In practice? You get something like this:
03/15/2024,"CHECKCARD 0314 AMZN MKTP US*2K7X9 AMZN.COM/BILLWA",-47.32,,
03/15/2024,"PENDING: CHECKCARD 0314 AMZN MKTP US*2K7X9",-47.32,,
03/16/2024,"POS PURCHASE - STAPLES #0231 STORE 02319182",-23.87,,
03/16/2024,"ORIG CO NAME:GUSTO ORIG ID:1293847 DESC DATE:031624",2450.00,,
03/17/2024,"RECURRING PAYMENT AUTHORIZED ON 03/16 ADOBE *CREATIVE CLOUD 800-833-6687 CA",-54.99,,
That's five transactions, two of which are duplicates, and none of them have descriptions a normal person would recognize. If you're self-employed and need to pull your business expenses out of this for Schedule C, you're in for a long afternoon.
Let's fix that.
Why Bank CSV Exports Are So Messy
Before you start cleaning, it helps to understand why the data looks the way it does. Banks don't export CSVs for your convenience. They export raw transaction logs from their processing systems, and those systems weren't built for human readability.
Descriptions are machine-generated.
When you swipe your card at Staples, the transaction description doesn't say “Staples.” It says something like “POS PURCHASE - STAPLES #0231 STORE 02319182.” That string includes the terminal type, store number, and internal reference code. Useful for the bank's fraud detection. Useless for your taxes.
Every bank uses a different format.
Chase uses one column layout. Bank of America uses another. Wells Fargo splits debits and credits into separate columns. Capital One includes a “Category” column that sounds helpful until you realize it labels your coworking space membership as “Entertainment.” There's no standard.
Pending and posted transactions both show up.
Some banks include pending transactions in the export. So you'll see the same $47.32 Amazon purchase twice: once as “PENDING” and once as the final posted version. If you don't catch that, you'll double-count the expense.
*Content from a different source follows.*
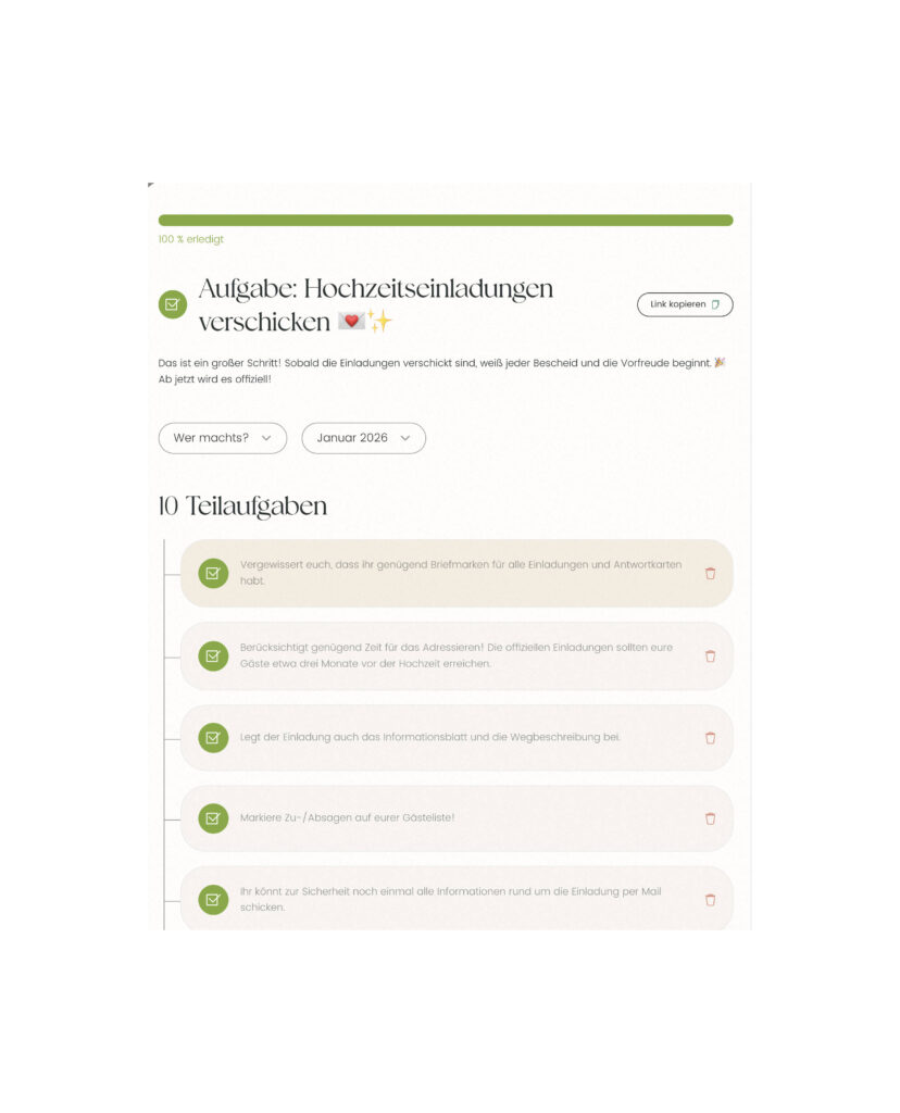Ihr könnt Aufgaben gezielt zuweisen, z. B. „Floristik besprechen“ an deine Mama oder „Getränkeliste checken“ an deinen Trauzeugen. Jeder sieht, was zu tun ist – und du siehst, was erledigt wurde. Ganz ohne WhatsApp-Chaos oder endlose Mails.
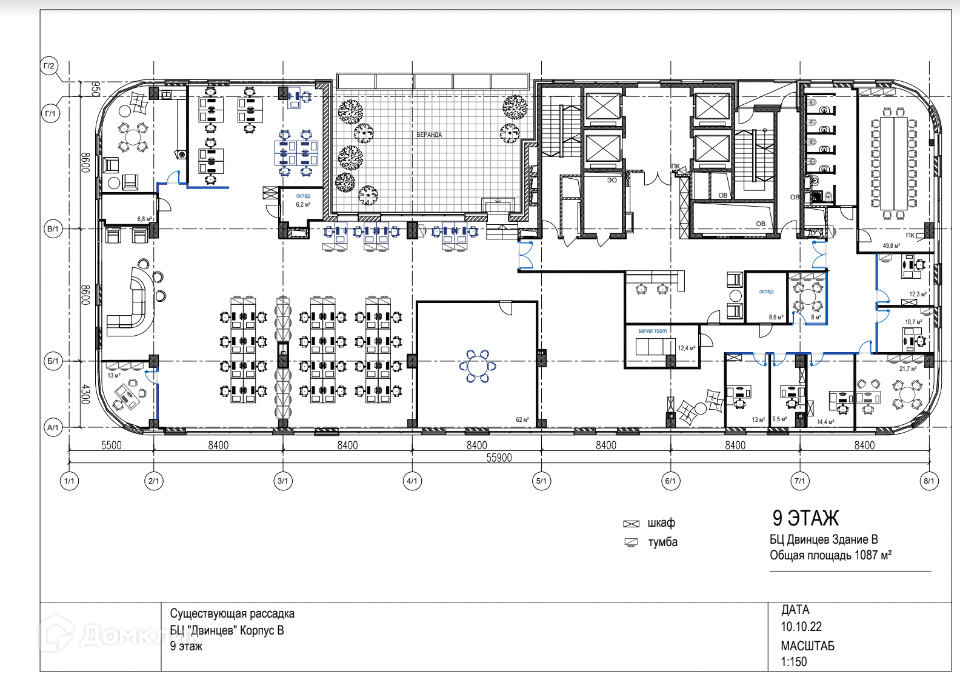Сдается в аренду полностью этаж офисный блок площадью 1087 кв. м, на 9 этаже в бизнес-центра "Двинцев (корпус В)" класс A.

Dates and amounts have formatting quirks.
Some exports use MM/DD/YYYY, others use YYYY-MM-DD. Amounts might include dollar signs and commas (“$1,234.56”) that look fine but make Excel treat them as text instead of numbers. You won't notice until you try to sum a column and get zero.
Step-by-Step: Cleaning Up Your CSV
Here's the process for turning a raw bank export into something useful. You can do this in Excel, Google Sheets, or any spreadsheet tool.
1. Open the file and check the columns
First, see what you're working with. Most bank CSVs have at least three columns: date, description, and amount. Some have more (category, balance, check number, memo). Some have blank columns. Some have the headers on row 3 instead of row 1, with bank branding or account info above them.
Delete any rows above the actual headers. Delete any columns you don't need (running balance, check number, etc.). You want to end up with: date, description, amount.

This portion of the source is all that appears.